Homeless person updates!
Yesterday I saw the most vain homeless woman in all my years of living. She was dressed in that “hobosexual” style – tattered goose down jacket, suggestively unzipped to mid-torso; tight-ass jeans; paper bags on her feet, from Victoria’s Secret – and she was preening herself at a plate-glass storefront. Because the store had gone out of business, and its lights were out, the window’s surface really gave the homeless woman’s reflection a smoky allure. The homeless woman was squirting some kind of “found” hair product into her plentiful naps. With each application of the product, she carefully ironed the ends of her hair between her hands, forming her hairstyle into a stiff, cracked platter, like the crown of a Portobello mushroom. So stuck-up, right?
As I passed, she didn’t even take the time to turn around and face me. She just caught me in the background of her reflection and asked for some money. When I wondered out loud what she’d use the money for, the homeless woman rolled her eyes, lowered her lids, and said, “my baby needs microdermabrasion.” Baby, you’re so vain you probably think this entry is about you.
Less recently, I was in my neighborhood, talking to a panhandler I’ve nicknamed “Tax.” We exchanged a few pleasantries, and he pretended to promise that he’d attend one of my future stand-up shows, and I pretended I’d hold him to his promise. Then, he held on to me a little longer and said, “You know that guy, Mike, who’s always out here? The skinny one?”

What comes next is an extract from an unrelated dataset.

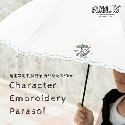 PEANUTS スヌーピー グッズ 50cm 折りたたみ傘 キャラクター晴雨兼用 刺繍 日傘スヌーピー/ウッドストックUVカット率99%以上/遮光率99%以上/遮熱効果/UPF50+/はっ水加工(母の日 プレゼント ギフト SNOOPY woodstock かさ おしゃれ かわいい レディース パラソル)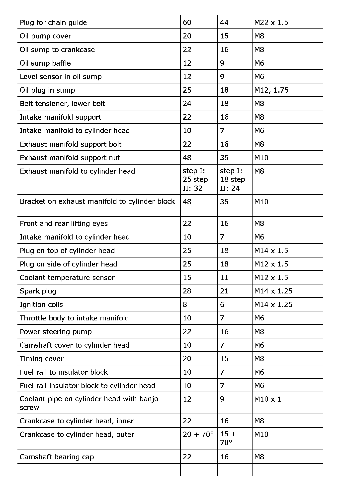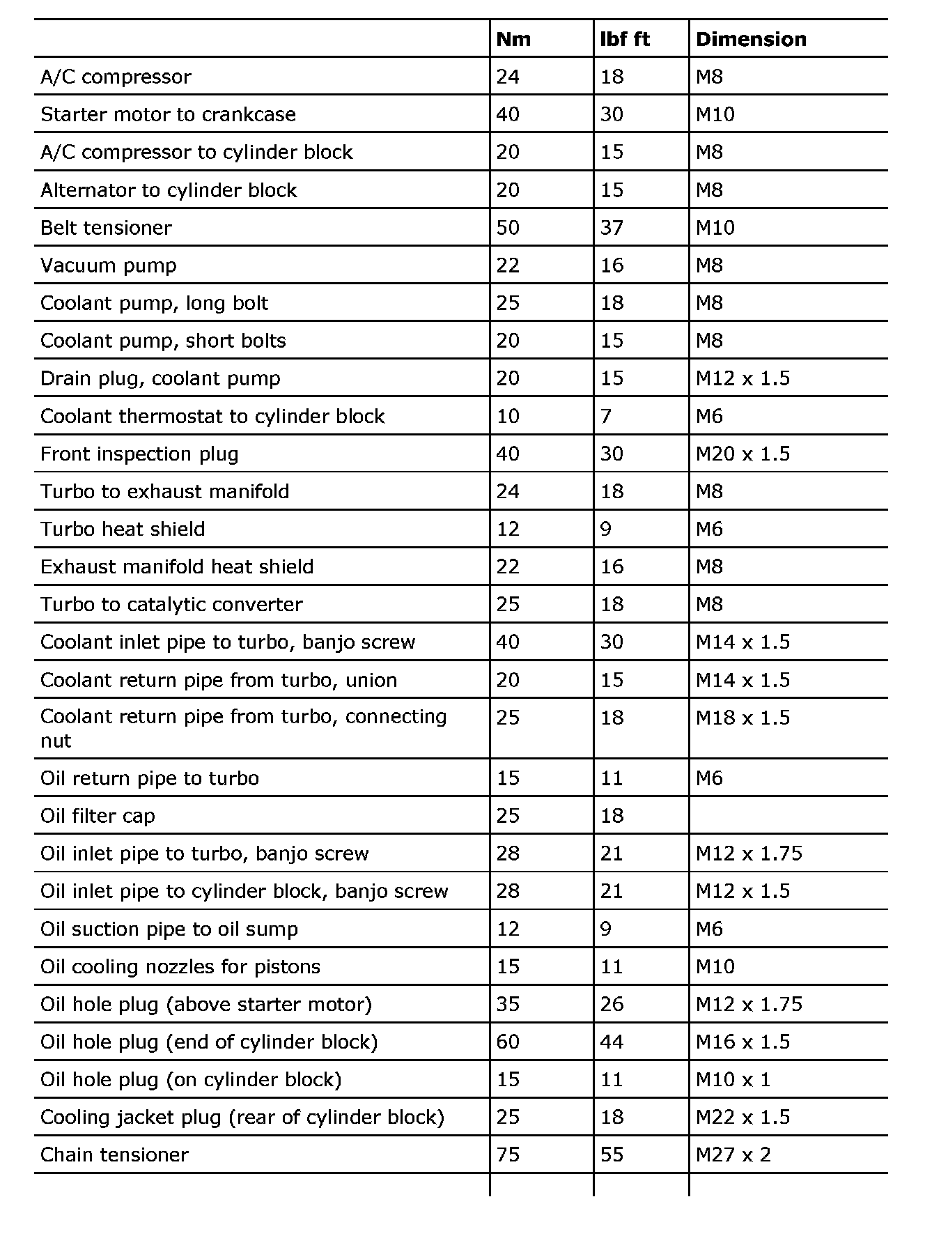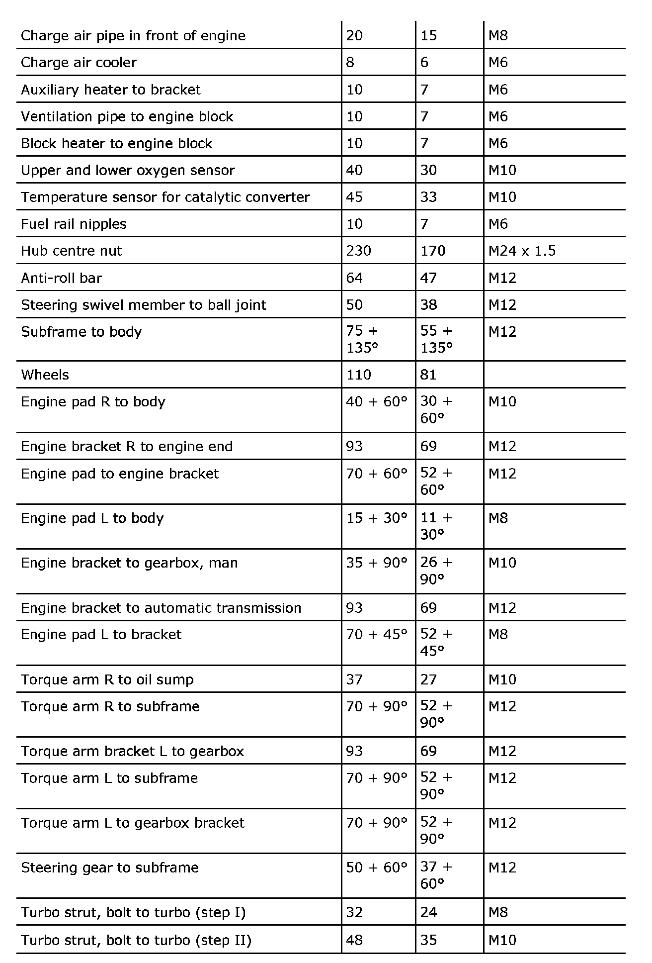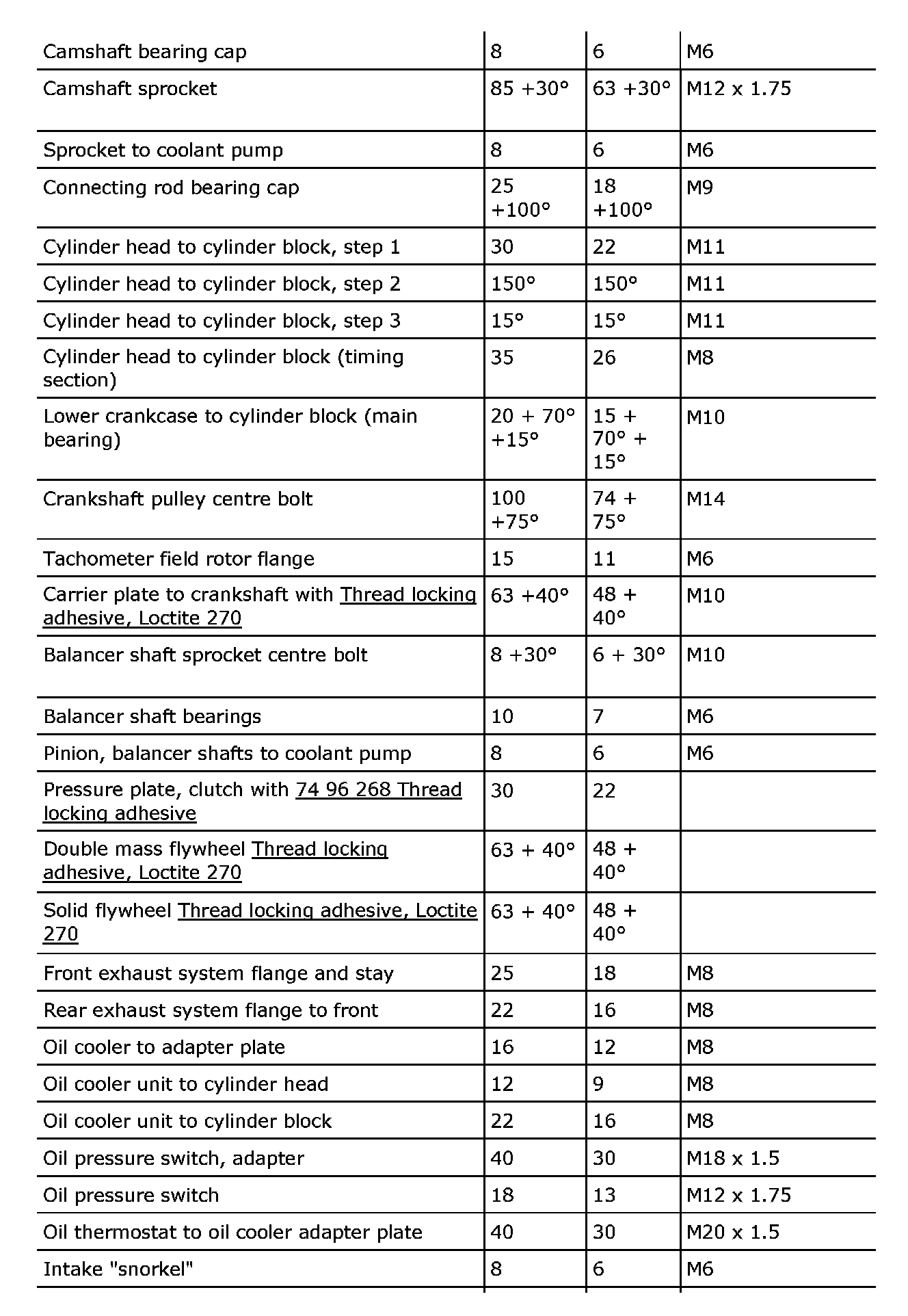 Tightening torque, B207

I took a mental inventory of all the recurring homeless people in my neighborhood. “The one with the eye patch?”
“Nah, that’s Kyle?”
“The guy with the new sneakers?” No. “Black Popeye?” No, man. “Oh! That skinny guy who always looks like shit is just going to fall off him with every step he takes?”
“Yeah, man! That’s Mike! Well, he died.”
Mike was one of the most bedraggled characters in my neighborhood. I’ve previously referred to him as “Sometimes Dirty,” because you just never knew what kind of state you’d find him in from day to day. The last few months found him on a consistent low i.e. a consistent high. He was often too disassociated to even remember to ask for money, or to find a paper cup in which to collect it. I saw him nodding off on the benches at our subway stop. And now, according to Tax, Mike had given up his life on the tracks, beneath an oblivious Q Train.
“I heard he was pushed,” Tax added.
It was at this moment that I realized, while I know nothing of New York’s celebrated socialites, and Page Six reports and Gawker posts are usually just a fuzzy, confusing jumble of words to me, somehow I have gotten my ear very close to the ground with matters of rumor-mongering within transient circles. I feel terrible about Mike, but I found it interesting that Tax not only was certain I’d know him, but wanted to make sure I knew all the gossip circulating around Hobo Junction. Does Street News have an equivalent of Page Six? Does Street News even have six pages?
I thanked Tax sincerely for the information and then, as I was trying to push past him into a corner store, he grabbed me once more and asked, “Hey man, can you help me out with a little extra tonight? I gotta buy my lady some hair product. That woman is boughetto, man.”